- [Prompt]: Find "Then click on" in the listing below, then set down only that line and each later line, unchanged, leaving out pictures.

- [Input data]:
───

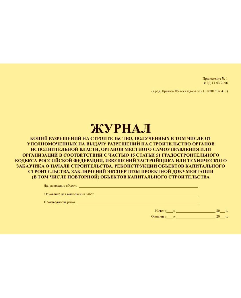 Главная/Журналы (Твердая, мягкая обложка, прошитые)/Строительство/Журнал регистрации копий разрешений на строительство, извещений застройщика или заказчика о начале строительства, реконструкции, капитального ремонта объектов капитального строительства, проектной документации объектов капитального строительства, общего и специального журналов, в которых ведется учет выполнения работ по строительству, реконструкции, капитальному ремонту объектов капитального строительства. Приложение № 1 к РД-11-03-2006 в ред. Приказа Ростехнадзора от 21.10.2015 № 417 (прошитый, 100 страниц)
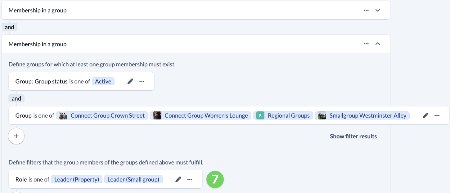 Then click on the plus (5) under Define filter... and select Group membership (6).
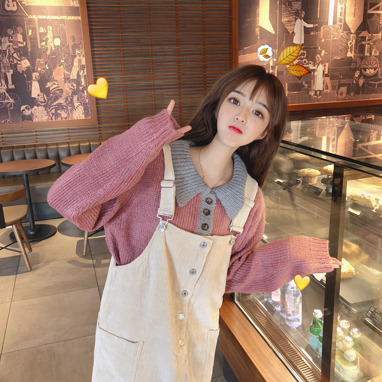 / 韓版時尚休閑套裝秋季撞色POLO領針織毛衣+燈芯絨背帶裙兩件套女
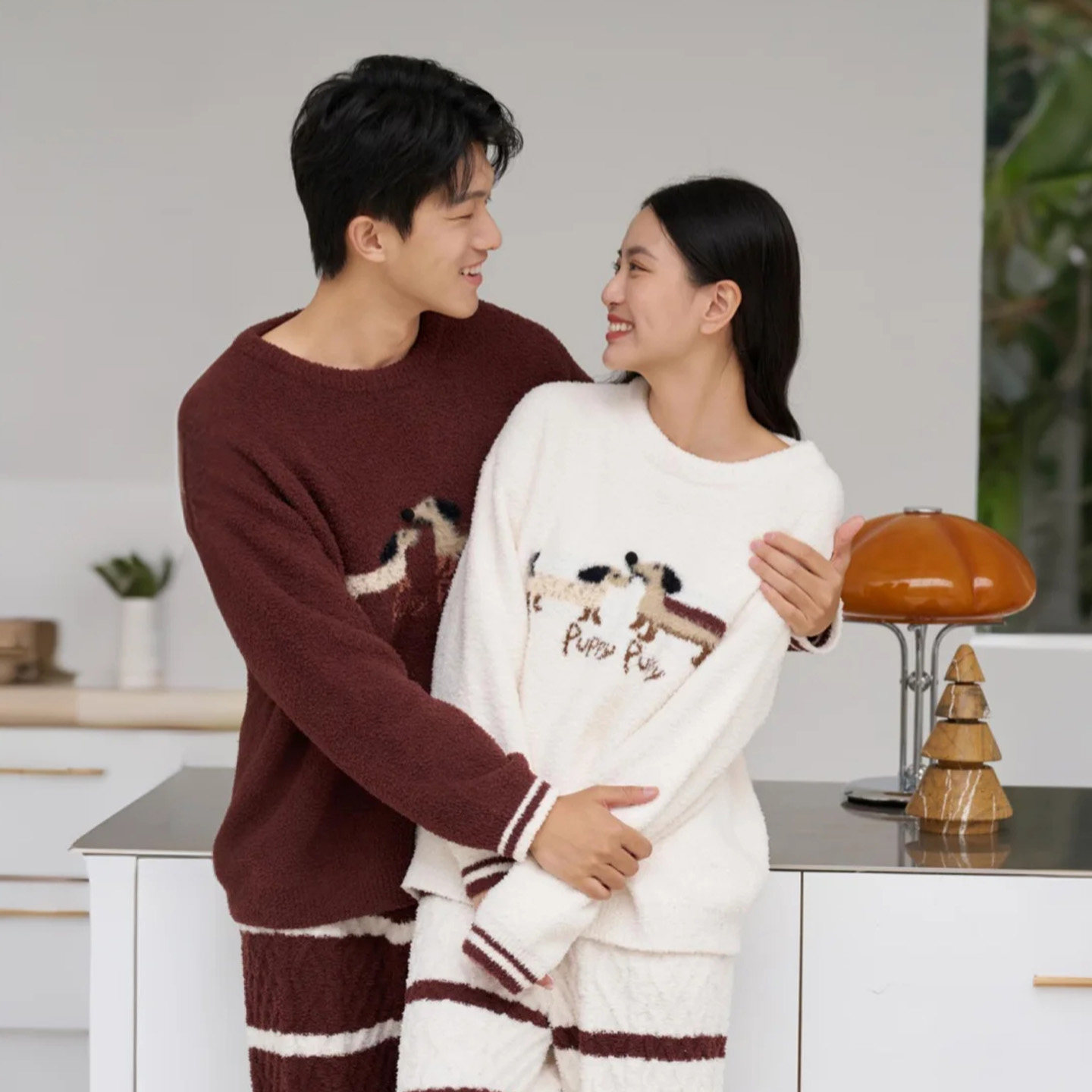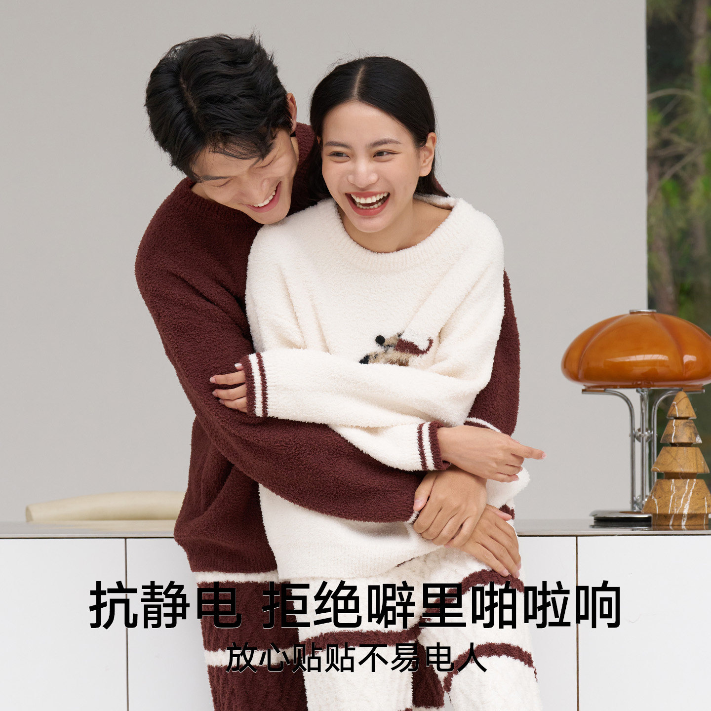 松山棉店半边绒家居服套装抗静电宽松柔软透气睡衣情侣秋

───

- [Exercise answer]:
 Then click on the plus (5) under Define filter... and select Group membership (6).
 / 韓版時尚休閑套裝秋季撞色POLO領針織毛衣+燈芯絨背帶裙兩件套女
 松山棉店半边绒家居服套装抗静电宽松柔软透气睡衣情侣秋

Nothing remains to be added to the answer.